Evaluation of Adaptive Systems for Human-Autonomy Teaming (EASyHAT)

Human-Autonomy Teaming (HAT) describes situations where people cooperate with artificially intelligent autonomous agents to perform some function. In a general sense, we can envision heterogeneous teams composed of autonomous participants each using either human or artificial intelligence. These relationships can take on different structures depending on the level of supervision the humans can exert and the level of intelligence and autonomy provided by the non-human agents.

In this third in a series of IJCAI workshops on Human-Autonomy Teaming, we intend to delve further into the problem of evaluation. Software engineering tools and techniques for evaluating the quality of traditionally developed software capabilities are well studied and many approaches are mature. System components developed through learning from data are less easily tested for mission critical systems. Reserving a portion of the data sample for testing provides a statistical measure of quality relative to the overall sample of the particular type of data for a particular component of what may be one in a series of learned models in a complex system. The quality of the overall system as it relates to a complex mission are less well known. Add to the problem the desire to allow models to adapt while deployed in lifelong learning approaches and complexity is further increased. Humans bring another element of quality assessment to the problem. Their interaction with the adaptive artificially intelligent components must also be evaluated in some way. Humans will adapt to the changing behaviors of the autonomy in ways that are currently unpredictable.

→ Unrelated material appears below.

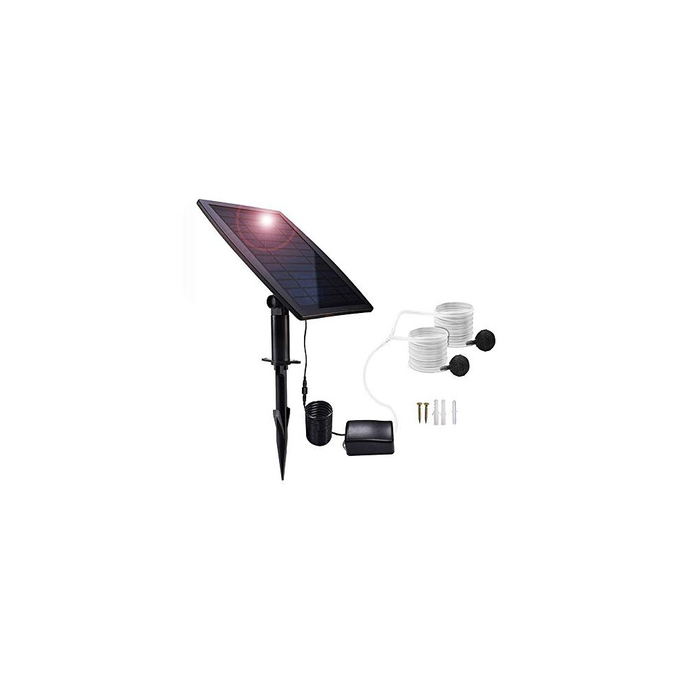 Sunydog Solar Powered Air Pump Kit, 2W Plug-in Solar Pond Oxygenator Fish Tank Oxygenator Aquarium Oxygen Aerator Air Pump Fishing Aerator with Pipe Air Bubble Stones for Garden Fish Tank Outdoor Pool

Some of the topics of interest include, but are not limited to the following:

  • The utilization of formal methods in conjunction with learned statistical models.
  • Bias in both laboratory and lifelong learning
  • Preventing damage from adversarial examples
  • Human adaptation to changing artificial intelligence
  • Complex systems using multiple learned models
  • Effective use of simulation and real-world testing
  • Effects of computational time limits in the human-autonomy team
  • Effects of communication between teammates on evaluation
  • Evaluating transfer and incremental learning
  • Effects of trust and transparency